Otro de los grandes escritores alemanes de la literatura alemana del exilio fue sin dudas Bertolt Brecht (1898-1956). Víctimas sus libros de la quema que llevaron adelante las huestes de Hitler ni bien se hicieron del poder, y con la policía levantando su obra de teatro La toma de medidas, escapó hacia Dinamarca donde junto a su familia se vieron obligados a sobrellevar una situación económica complicada. Sin embargo los años del exilio serán prolíficos: La vida de Galileo (1939), Madre Coraje y sus hijos (1939), El alma buena de Se Chuan (1938/43)y El círculo de tiza caucasiano (1944/45), esto es, el núcleo fundamental de su larga obra teatral, fueron escritas durante estos años de exilio, mientras deambulaba por Suecia, URSS y recalaba en Estados Unidos, de donde debió marcharse poco tiempo después rumbo a Europa luego de ser interrogado por el Comité de Actividades Antiamericanas, el órgano que velaba por el control ideológico dentro del territorio estadounidense.     

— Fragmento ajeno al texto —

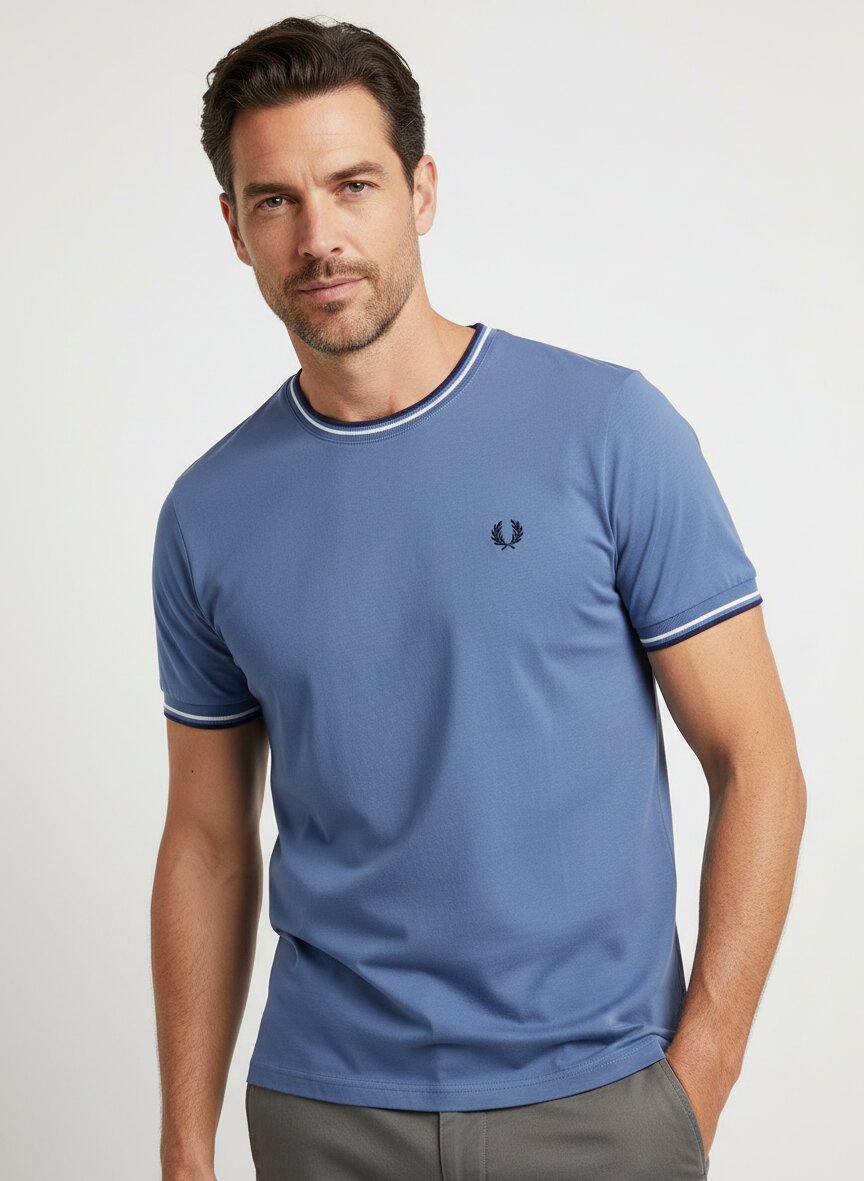 Das Rundhals-Shirt präsentiert sich in einem klaren Blau mit feinen Kontraststreifen an den Rippenstrickabschlüssen – ein zeitloses Erkennungszeichen der Marke. Die reine Baumwolle sitzt angenehm auf der Haut, bietet optimale Atmungsaktivität und behält ihre Form über viele Tragezyklen hinweg. Mit seiner geradlinigen Silhouette funktioniert das Shirt sowohl im Alltag als auch in entspannteren Business-Kontexten perfekt. Die subtilen Streifen-Details an Hals und Ärmeln verleihen dem Basics-Piece eine unaufdringliche Raffinesse, die über schlichte Einfarbigkeit hinausgeht. Fred Perry verbindet seit 1952 britische Tennestradition mit kulturellem Selbstbewusstsein – das Polo-Shirt ist eines seiner Gründungsdesigns und steht für zeitlose Qualität ohne Kompromisse.Unser Tipp: Kombinieren Sie das Shirt mit einer hellen Chino und Sneakern für einen entspannten Wochenend-Look oder layern Sie es unter einer Strickjacke für kühlere Frühjahrstage.

Brecht le da forma a lo que se dio en llamar teatro dialéctico. Enemigo de los parámetros burgueses y detractor de las piezas teatrales concebidas como puro entretenimiento, sus lecturas marxistas lo convencieron de la necesidad de intervenir sobre el espectador, o en todo caso estimular su participación crítica. En sus escenas están presentes de manera explícita las clases sociales, los procesos históricos y los factores socioeconómicos propios de su tiempo. Algo tenía claro: nada que sea ficción podrá ser otra cosa que ficción. Echando mano a recursos externos al guión, como carteles que anticipaban lo que iba a suceder, canciones intercaladas, apelaciones de los actores al público o directamente la presencia de un relator –encima del escenario- que se explayaba sobre la condición social de los personajes, la obra abría el juego al espectador para que abandonase su pasividad y elaborase reflexiones en relación con el conflicto exhibido; se quiebra la percepción encapsulada, individual, “estética”, de la obra de teatro. El arte debe obligar a pensar y a comprender la historia, y la obra constituirse en un estímulo para que el espectador deje de limitarse al plano de la subjetividad y ensaye conclusiones y pensamientos en relación con las problemáticas expuestas, que conduzcan luego a modificar la sociedad. Hay que cambiar el mundo. Y el teatro dialéctico hará participar al espectador en el análisis de las situaciones, y frente a las contradicciones burguesas sus pasos se orientarán hacia una solución socialista. Verfremdungseffekt es la palabra alemana que designa este “efecto de distanciamiento”, con el cual buscó suprimir la hasta entonces prestigiosa catarsis, esa suerte de purgación emocional que le permitía al espectador identificarse con los protagonistas y salir del teatro autosatisfecho. Esta técnica brechtiana marcó a fuego el arte del siglo XX –no sólo el teatral, sino y más que nada el cinematográfico- y suscitó larguísimos debates teóricos que aún no han llegado a su fin.

 Dice Rodolfo Modern en su estudio La literatura alemana del siglo XX: “No son difíciles de comprender las razones por las cuales el genio de Bert Brecht           se ha difundido por todo el mundo. Para algunos su obra personifica magistralmente las tesis centrales de la teoría marxista. Otros, quizás la mayoría de los espectadores, disfrutan enormemente con un teatro que es una provocación constante contra la maldad o el egoísmo humanos, y que se vale para ello de una infinidad de recursos administrados por la inteligencia, un entendimiento claro y sutil, el ingenio y el buen humor, un concepto definido de la naturaleza y alcance del teatro, la comprensión, a nivel material, del funcionamiento del mecanismo social, y, muy en el fondo, por la esperanza, alguna vez convertida en realidad, de que el hombre es bueno.” Más allá de lo que cada uno busque rescatar en la obra de este extraordinario creador alemán, su aporte en el plano de la dramaturgia revolucionó los cimientos mismos del teatro, y puso en jaque de allí en adelante el modo en que los autores, pero también los directores, los personajes y hasta el público, participan en cada acto donde se corre el telón.